The other answers are incorrect because they do not mention sterility and because
antiseptic mouthwash could destroy the organism to be cultured (before sputum
collection, the patient may use only tap water for nursing the mouth).
15. An autoclave is used to sterilize hospital supplies because:
A. More articles can be sterilized at a time
B. Steam causes less damage to the materials
C. A lower temperature can be obtained
D. Pressurized steam penetrates the supplies better
15. Answer: D. Pressurized steam penetrates the supplies better
An autoclave, an apparatus that sterilizes equipment by means of high-temperature
pressurized steam, is used because it can destroy all forms of microorganisms, including
spores.
16. The best way to decrease the risk of transferring pathogens to a patient when removing
contaminated gloves is to:
A. Wash the gloves before removing them
B. Gently pull on the fingers of the gloves when removing them
C. Gently pull just below the cuff and invert the gloves when removing them
D. Remove the gloves and then turn them inside out
16. Answer: C. Gently pull just below the cuff and invert the gloves when removing
them
Turning the gloves inside out while removing them keeps all contaminants inside the
gloves. They should then be placed in a plastic bag with soiled dressings and discarded
in a soiled utility room garbage pail (double bagged). The other choices can spread
pathogens within the environment.
17. After having an I.V. line in place for 72 hours, a patient complains of tenderness, burning, and
swelling. Assessment of the I.V. site reveals that it is warm and erythematous. This usually
indicates:
A. Infection
B. Infiltration
C. Phlebitis
D. Bleeding
17. Answer: C. Phlebitis
Tenderness, warmth, swelling, and, in some instances, a burning sensation are signs and
symptoms of phlebitis. Infection is less likely because no drainage or fever is present.

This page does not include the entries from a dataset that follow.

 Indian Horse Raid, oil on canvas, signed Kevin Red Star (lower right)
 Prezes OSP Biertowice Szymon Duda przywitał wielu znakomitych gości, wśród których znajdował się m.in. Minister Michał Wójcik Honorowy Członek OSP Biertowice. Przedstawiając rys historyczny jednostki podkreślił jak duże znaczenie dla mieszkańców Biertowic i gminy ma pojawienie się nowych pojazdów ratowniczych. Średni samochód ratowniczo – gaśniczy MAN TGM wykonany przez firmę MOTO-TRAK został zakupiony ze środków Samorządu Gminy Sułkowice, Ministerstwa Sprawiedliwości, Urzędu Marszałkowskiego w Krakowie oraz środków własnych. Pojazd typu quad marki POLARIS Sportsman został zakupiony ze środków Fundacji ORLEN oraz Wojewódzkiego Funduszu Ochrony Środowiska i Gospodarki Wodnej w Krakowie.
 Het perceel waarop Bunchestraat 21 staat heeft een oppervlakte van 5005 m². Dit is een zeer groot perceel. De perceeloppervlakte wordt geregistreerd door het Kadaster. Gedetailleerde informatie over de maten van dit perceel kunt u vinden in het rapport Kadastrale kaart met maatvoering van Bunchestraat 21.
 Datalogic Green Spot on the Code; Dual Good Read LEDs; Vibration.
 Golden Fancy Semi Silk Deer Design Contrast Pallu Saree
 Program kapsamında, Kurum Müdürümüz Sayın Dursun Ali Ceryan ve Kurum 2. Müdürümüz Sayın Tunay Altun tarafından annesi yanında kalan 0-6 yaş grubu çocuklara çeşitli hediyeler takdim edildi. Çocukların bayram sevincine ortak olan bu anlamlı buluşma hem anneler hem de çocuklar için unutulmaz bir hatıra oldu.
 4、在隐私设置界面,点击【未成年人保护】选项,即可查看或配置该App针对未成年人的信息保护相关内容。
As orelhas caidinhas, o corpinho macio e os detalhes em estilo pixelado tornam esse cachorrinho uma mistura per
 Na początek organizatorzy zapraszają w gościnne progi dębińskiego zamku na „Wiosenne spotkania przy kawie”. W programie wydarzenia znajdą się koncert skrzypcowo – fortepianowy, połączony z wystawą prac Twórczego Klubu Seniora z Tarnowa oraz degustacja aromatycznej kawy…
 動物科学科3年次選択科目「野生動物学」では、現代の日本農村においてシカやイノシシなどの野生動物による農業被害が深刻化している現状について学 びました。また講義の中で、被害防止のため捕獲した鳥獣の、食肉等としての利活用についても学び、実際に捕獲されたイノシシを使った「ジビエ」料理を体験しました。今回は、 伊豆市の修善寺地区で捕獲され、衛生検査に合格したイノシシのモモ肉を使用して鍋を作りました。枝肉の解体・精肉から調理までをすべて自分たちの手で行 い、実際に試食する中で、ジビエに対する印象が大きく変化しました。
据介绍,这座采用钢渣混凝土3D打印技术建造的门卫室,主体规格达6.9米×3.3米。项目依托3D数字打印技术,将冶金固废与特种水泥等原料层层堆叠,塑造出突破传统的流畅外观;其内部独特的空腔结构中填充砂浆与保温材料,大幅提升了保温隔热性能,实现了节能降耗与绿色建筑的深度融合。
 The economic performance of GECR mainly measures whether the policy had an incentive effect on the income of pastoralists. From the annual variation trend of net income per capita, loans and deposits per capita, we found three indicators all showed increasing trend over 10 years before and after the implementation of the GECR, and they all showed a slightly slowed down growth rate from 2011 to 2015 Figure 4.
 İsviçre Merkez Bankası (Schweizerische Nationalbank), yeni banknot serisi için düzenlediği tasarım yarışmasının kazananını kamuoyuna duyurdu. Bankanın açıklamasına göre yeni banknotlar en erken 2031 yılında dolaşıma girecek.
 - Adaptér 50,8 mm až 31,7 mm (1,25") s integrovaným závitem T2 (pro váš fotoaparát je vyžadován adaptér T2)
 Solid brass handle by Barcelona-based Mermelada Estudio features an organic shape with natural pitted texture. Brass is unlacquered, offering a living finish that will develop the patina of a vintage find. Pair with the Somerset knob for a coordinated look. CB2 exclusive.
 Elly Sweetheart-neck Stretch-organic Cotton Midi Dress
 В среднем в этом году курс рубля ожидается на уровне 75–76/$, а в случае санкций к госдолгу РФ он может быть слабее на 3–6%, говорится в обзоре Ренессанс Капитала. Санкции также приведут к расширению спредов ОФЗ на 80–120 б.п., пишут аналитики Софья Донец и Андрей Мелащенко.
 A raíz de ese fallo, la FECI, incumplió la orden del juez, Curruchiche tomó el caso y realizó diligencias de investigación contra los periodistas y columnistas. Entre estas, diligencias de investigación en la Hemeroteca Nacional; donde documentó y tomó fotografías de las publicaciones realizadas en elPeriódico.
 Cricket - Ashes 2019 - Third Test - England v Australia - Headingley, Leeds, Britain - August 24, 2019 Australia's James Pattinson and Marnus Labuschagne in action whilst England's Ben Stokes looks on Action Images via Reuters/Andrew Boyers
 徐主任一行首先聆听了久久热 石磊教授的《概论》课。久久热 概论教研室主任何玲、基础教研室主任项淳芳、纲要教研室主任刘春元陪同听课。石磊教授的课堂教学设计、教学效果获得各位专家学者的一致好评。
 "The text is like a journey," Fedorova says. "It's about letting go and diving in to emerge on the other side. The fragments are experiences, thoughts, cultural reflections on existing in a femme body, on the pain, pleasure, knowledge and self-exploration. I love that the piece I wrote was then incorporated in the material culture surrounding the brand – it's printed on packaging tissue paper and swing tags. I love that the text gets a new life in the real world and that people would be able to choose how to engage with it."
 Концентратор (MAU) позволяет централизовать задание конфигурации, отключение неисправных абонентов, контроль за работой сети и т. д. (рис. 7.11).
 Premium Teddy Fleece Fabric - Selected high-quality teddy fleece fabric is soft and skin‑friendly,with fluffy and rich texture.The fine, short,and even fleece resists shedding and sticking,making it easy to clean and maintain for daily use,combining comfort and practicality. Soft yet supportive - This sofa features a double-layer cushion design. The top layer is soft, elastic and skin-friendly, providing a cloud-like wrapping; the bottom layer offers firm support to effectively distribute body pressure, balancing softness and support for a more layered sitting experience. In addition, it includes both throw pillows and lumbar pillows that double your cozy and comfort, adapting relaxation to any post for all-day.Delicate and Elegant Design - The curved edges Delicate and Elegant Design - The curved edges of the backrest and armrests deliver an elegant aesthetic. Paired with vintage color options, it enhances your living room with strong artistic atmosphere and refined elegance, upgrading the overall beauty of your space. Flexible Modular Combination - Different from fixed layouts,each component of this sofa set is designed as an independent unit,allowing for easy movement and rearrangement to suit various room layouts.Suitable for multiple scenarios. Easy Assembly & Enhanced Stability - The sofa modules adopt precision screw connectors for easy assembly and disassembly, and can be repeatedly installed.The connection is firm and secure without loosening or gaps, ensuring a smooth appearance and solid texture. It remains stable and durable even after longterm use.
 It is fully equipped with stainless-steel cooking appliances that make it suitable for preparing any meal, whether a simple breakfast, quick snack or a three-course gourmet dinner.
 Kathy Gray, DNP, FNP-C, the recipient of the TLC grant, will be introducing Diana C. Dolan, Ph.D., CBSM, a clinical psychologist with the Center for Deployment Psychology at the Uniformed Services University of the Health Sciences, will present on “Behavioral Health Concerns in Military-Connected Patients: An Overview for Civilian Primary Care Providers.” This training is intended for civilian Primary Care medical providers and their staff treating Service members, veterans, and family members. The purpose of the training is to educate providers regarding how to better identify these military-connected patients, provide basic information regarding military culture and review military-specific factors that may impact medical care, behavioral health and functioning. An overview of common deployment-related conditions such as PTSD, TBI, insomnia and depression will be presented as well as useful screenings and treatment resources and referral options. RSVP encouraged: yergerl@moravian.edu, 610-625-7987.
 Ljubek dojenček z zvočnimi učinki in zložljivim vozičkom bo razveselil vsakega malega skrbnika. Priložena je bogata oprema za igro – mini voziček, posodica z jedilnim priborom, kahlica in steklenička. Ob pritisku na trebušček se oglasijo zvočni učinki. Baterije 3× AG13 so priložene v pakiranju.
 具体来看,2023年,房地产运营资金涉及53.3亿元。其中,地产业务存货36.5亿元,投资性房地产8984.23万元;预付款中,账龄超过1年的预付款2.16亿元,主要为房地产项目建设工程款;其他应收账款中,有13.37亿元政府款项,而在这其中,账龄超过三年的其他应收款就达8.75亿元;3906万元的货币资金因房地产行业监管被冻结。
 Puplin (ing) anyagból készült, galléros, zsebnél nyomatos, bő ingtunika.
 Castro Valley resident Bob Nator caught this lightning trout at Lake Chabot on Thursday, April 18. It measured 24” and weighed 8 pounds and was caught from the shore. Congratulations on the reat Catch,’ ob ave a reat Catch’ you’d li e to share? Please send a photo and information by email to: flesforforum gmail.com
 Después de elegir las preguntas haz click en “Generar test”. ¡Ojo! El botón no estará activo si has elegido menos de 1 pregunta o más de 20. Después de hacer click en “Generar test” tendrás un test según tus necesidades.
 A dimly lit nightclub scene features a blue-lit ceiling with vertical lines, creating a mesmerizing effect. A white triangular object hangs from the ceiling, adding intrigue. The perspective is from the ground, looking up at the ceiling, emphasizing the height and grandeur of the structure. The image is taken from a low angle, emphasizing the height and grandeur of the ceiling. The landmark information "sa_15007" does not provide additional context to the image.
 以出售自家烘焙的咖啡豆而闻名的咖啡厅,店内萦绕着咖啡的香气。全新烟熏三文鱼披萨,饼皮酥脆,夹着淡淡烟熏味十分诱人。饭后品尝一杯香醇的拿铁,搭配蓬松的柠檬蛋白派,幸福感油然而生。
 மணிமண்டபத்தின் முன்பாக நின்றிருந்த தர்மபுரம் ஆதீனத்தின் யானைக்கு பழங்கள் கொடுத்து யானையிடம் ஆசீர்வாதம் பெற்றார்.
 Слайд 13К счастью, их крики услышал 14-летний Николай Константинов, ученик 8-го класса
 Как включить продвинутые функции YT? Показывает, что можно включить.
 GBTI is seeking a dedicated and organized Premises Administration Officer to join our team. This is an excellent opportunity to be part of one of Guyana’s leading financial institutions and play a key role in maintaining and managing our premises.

Infiltration would result in swelling and pallor, not erythema, near the insertion site.
The patient has no evidence of bleeding.
18. To ensure homogenization when diluting powdered medication in a vial, the nurse should:
A. Shake the vial vigorously
B. Roll the vial gently between the palms
C. Invert the vial and let it stand for 1 minute
D. Do nothing after adding the solution to the via
18. Answer: B. Roll the vial gently between the palms
Gently rolling a sealed vial between the palms produces sufficient heat to enhance
dissolution of a powdered medication. Shaking the vial vigorously can break down the
medication and alter its pharmacologic action. Inverting the vial or leaving it alone does
not ensure thorough homogenization of the powder and the solvent.
19. The nurse is teaching a patient to prepare a syringe with 40 units of U-100 NPH insulin for
self-injection. The patient’s first priority concerning self-injection in this situation is to:
A. Assess the injection site
B. Select the appropriate injection site
C. Check the syringe to verify that the nurse has removed the prescribed insulin dose
D. Clean the injection site in a circular manner with alcohol sponge
19. Answer: C. Check the syringe to verify that the nurse has removed the prescribed
insulin dose
When the nurse teaches the patient to prepare an insulin injection, the patient’s first
priority is to validate the dose accuracy. The next steps are to select the site, assess the
site, and clean the site with alcohol before injecting the insulin.
20. The physician’s order reads “Administer 1 g cefazolin sodium (Ancef) in 150 ml of normal
saline solution in 60 minutes.” What is the flow rate if the drop factor is 10 gtt = 1 ml?
A. 25 gtt/minute
B. 37 gtt/minute
C. 50 gtt/minute
D. 60 gtt/minute
20. Answer: A. 25 gtt/minute
21. A patient must receive 50 units of Humulin regular insulin. The label reads 100 units = 1 ml.
How many milliliters should the nurse administer?
A. 0.5 ml
B. 0.75 ml
C. 1 ml
D. 2 ml
21. Answer: A. 0.5 ml
22. How should the nurse prepare an injection for a patient who takes both regular and NPH
insulin?
A. Draw up the NPH insulin, then the regular insulin, in the same syringe
B. Draw up the regular insulin, then the NPH insulin, in the same syringe
C. Use two separate syringe
D. Check with the physician
22. Answer: B. Draw up the regular insulin, then the NPH insulin, in the same syringe
Drugs that are compatible may be mixed together in one syringe. In the case of insulin, the
shorter-acting, clear insulin (regular) should be drawn up before the longer-acting,
cloudy insulin (NPH) to ensure accurate measurements.
23. A patient has just received 30 mg of codeine by mouth for pain. Five minutes later he vomits.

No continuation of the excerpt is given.